Que reste-t-il de tout cela ? Rien diront les défaitistes du premier paragraphe. Oui, pour l’instant le collège est toujours sur la voie de la fermeture. Et le second qui devait être fermé à la rentrée 2018 ? La fermeture est suspendue. Tiens, n’est-ce pas déjà une victoire ? Mais surtout, les familles qui ont demandé des dérogations à la carte scolaire (ceux qui ne veulent pas que leurs enfants aillent à l’autre bout de l’agglomération), ont obtenu ces dérogations. Là où il y a bataille, la règle rectorale ne s’applique pas.

Leçons

Mais pourquoi ? Quelle est le poids de ces dames, de ces hommes ? Aucun, on vous l’a dit au premier paragraphe. Aucun poids, nous ne comptons pas. On ne compte pas si on ne réagit pas. On ne compte pas si on ne fait rien. On ne compte pas dans leur monde. Mais on compte tout à fait dans nos actes, nos réflexions, nos décisions. Ce n’est pas possible, sauf si on se décide à essayer, alors, tout à coup, le possible se profile à l’horizon.
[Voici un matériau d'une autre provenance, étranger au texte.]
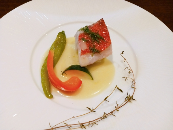 「金目鯛のバァプール ブールブランソース」バァプールとはフランスの調理法で蒸し料理のこ...
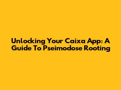 Unlocking Your Caixa App: A Guide To Pseimodose Rooting
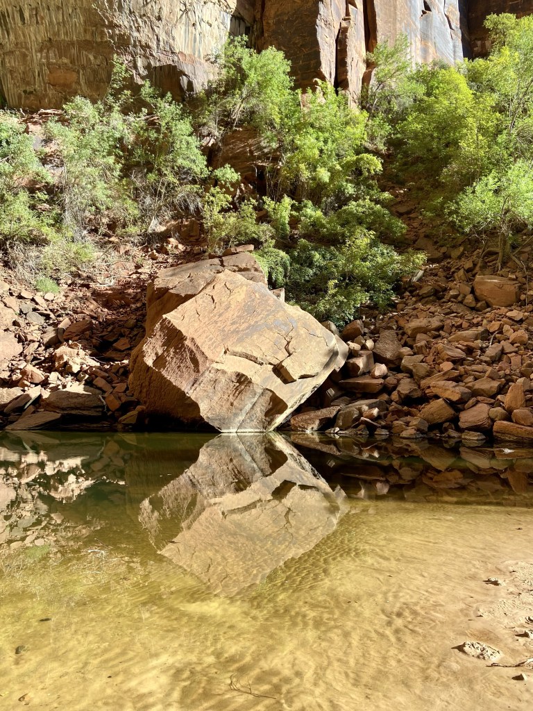 We boarded the shuttle and got off at The Grotto stop, stop #6. We were doing the lower, middle and upper Emerald Pools trails – approx 7 miles round trip. We were only steps into the hike when we saw a tarantula! Then another, and another! We saw for our five right along the trail. This was a good starter hike here. They all were moderate level.
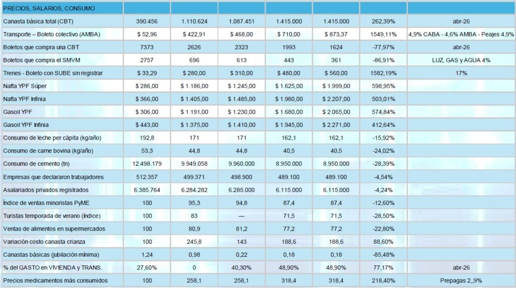 El documento señala que el principal indicador a observar es la relación entre ingresos y costo de vida, ya que permite anticipar el comportamiento del consumo y la producción. En ese sentido, la capacidad de compra se redujo de manera significativa: la cantidad de boletos de transporte que puede adquirir una canasta básica cayó 77,97%, mientras que en el caso del salario mínimo la reducción alcanza el 86,91%.
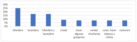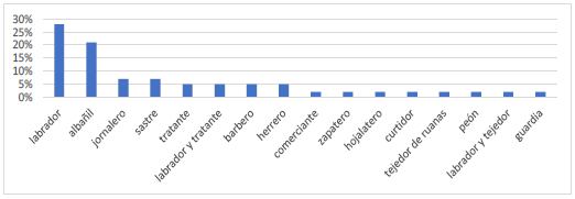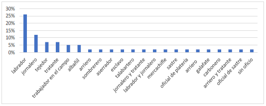Los oficios de los reos, como se indicó previamente, correspondían a los de la población mestiza y blanca pobre de la región, que, para el periodo Colonial, eran principalmente los que tenían que ver con labores agrícolas. En segundo lugar, estaban diversos oficios urbanos, entre los que se destacaban los de índole artesanal o comercial. En cuanto a las mujeres, se observa un predominio de oficios urbanos, puesto que, de hecho, todos los juicios contra mujeres fueron por delitos cometidos en la ciudad y sus términos.
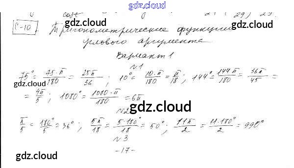 СР-10. Тригонометрические функции углового аргумента Ответы к Главе 2. Тригонометрические функции по Алгебре 10 класс Самостоятельные работы Александрова Базовый уровень Мнемозина
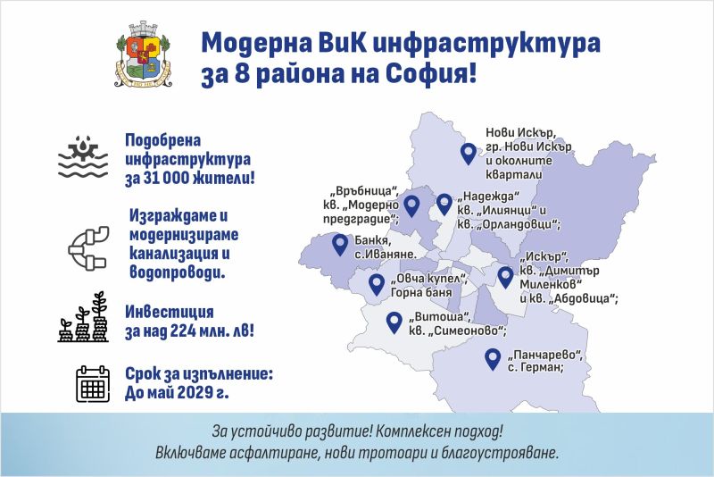 Инвестициите ще обхванат квартали и населени места в осем района на столицата:
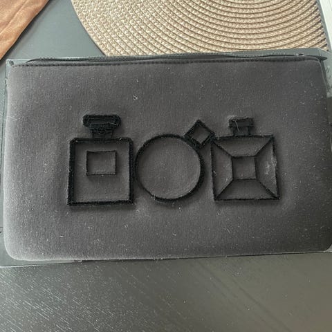 Lancôme toalettmappe i rød farge. Vesken har glidelåslukking og et innvendig fôr med mønster i røde og blå toner med øyemotiv. Egnet til oppbevaring av kosmetikk, toalettartikler eller småting ved reise og hjemmebruk.
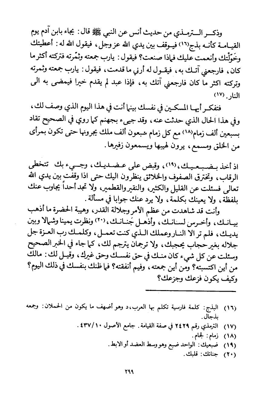 وَذكر التِّرْمِذِيّ من حَدِيث أنس عَن النَّبِي صلى الله عَلَيْهِ وَسلم قَالَ يجاء بِابْن آدم يَوْم الْقِيَامَة كَأَنَّهُ بذج فَيُوقف بَين يَدي الله عز وَجل فَيَقُول الله لَهُ أَعطيتك وخولتك وأنعمت عَلَيْك فَمَاذَا صنعت فَيَقُول يَا رب جمعته وثمرته فتركته أَكثر مَا كَانَ فارجعني آتِك بِهِ فَيَقُول لَهُ أَرِنِي مَا قدمت فَيَقُول يَا رب جمعته وثمرته وَتركته أَكثر مَا كَانَ فارجعني آتِك بِهِ فَإِذا عبد لم يقدم خيرا فيمضى بِهِ إِلَى النَّار
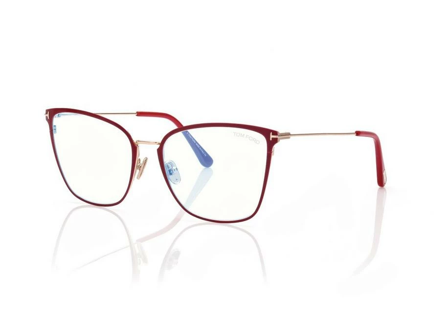 Discover the latest ready-to-wear clear lenses now available in TOM FORD Eyewear. These protective lenses reduce risks of blue lights and increase visual comfort from long exposure to digital devices. Soft butterfly metal style with adjustable nose pads and metal ‘T’ temple decoration.
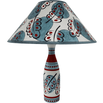As seen in The New York Times Style Magazine's Crafting With T series where Cressida Bell shared her step-by-step guide to help you create a simplified version of this shade at home. This hand painted paper coolie lampshade is covered in the signature Paisley Leaf pattern in blue with red dots on top and is perfect for pairing with the Blue Paisley Leaf Carafe table lamp base.
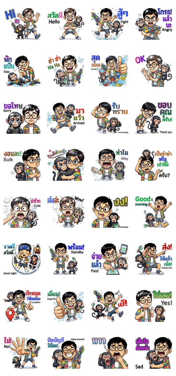 | スタンプ説明 | The bespectacled kid and the mischievous little monkey cause chaos during Songkran. |
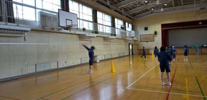 シュートの基本、レイアップシュートを練習しています。
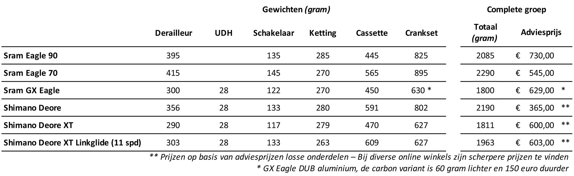 In onderstaande tabel hebben we Srams Eagle 70 en 90 Transmission vergeleken met de mechanische GX Eagle 12-speed groep. Ook hebben we de gewichten en prijzen van Shimano’s Deore M6100 en Deore XT M8100 mechanische 12-speed groepen er ter vergelijking bij gepakt. En om dat Sram met z’n Eagle 70 en 90 Transmission óók mikt op e-bikes, hebben we ook de e-bike-specifieke Deore XT Linkglide-onderdelen meegenomen. Merk daarbij op dat Shimano het bij die groep op 11 versnellingen houdt.
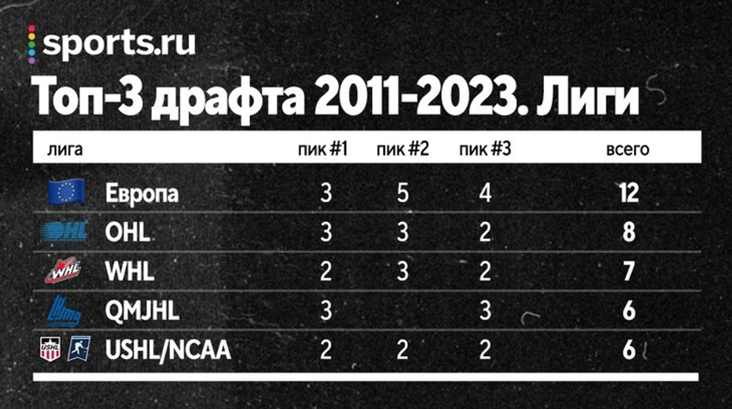 В первой тройке драфта НХЛ-2023 были выбраны два канадца и швед, все – центрфорварды, последний сезон провели, соответственно, в WHL, шведской Элитсериен и NCAA. И мы решили посмотреть, а кого вообще чаще выбирают в первой тройке? Центров или вингеров? Канадцев или европейцев? Из какой лиги?
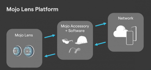 不僅如此,需要了解的是,在驚嘆 Mojo Lens 鏡片可以做到如此之小的同時,要知道它所能承載的資訊量會非常小,因此它也需要依靠類似智慧手機的配件作為支撐,並提供網路連接來實現某些功能。這些配件在形態上會有所不同,比如帽子、眼鏡、頸戴式配件,Mojo Lens 更多的是起顯示器的作用。

Pourquoi ces personnes se sont-elles mises à agir ? Pour quelques idées :

  • que tout enfant est un élève,

  • que l’école maintient l’espoir d’une vie correcte,

  • que tout le monde doit avoir accès aux mêmes moyens,

  • que enfants et parents ne doivent pas être insultés,

  • qu’on ne ferme pas un collège avant d’avoir construit son remplaçant,

  • que ces parents savent mieux ce qui est bon pour leur enfant que le Conseil départemental.

Et aussi, comme le disait une mère : « Au moins je pourrai regarder mes filles en face, j’aurai fait ce que je pouvais. » Rien que cela serait déjà une victoire, face aux insultes et au mépris, cette dame a su rester debout et je ne doute pas que beaucoup des fatalistes aimeraient être aussi admirables qu’elle.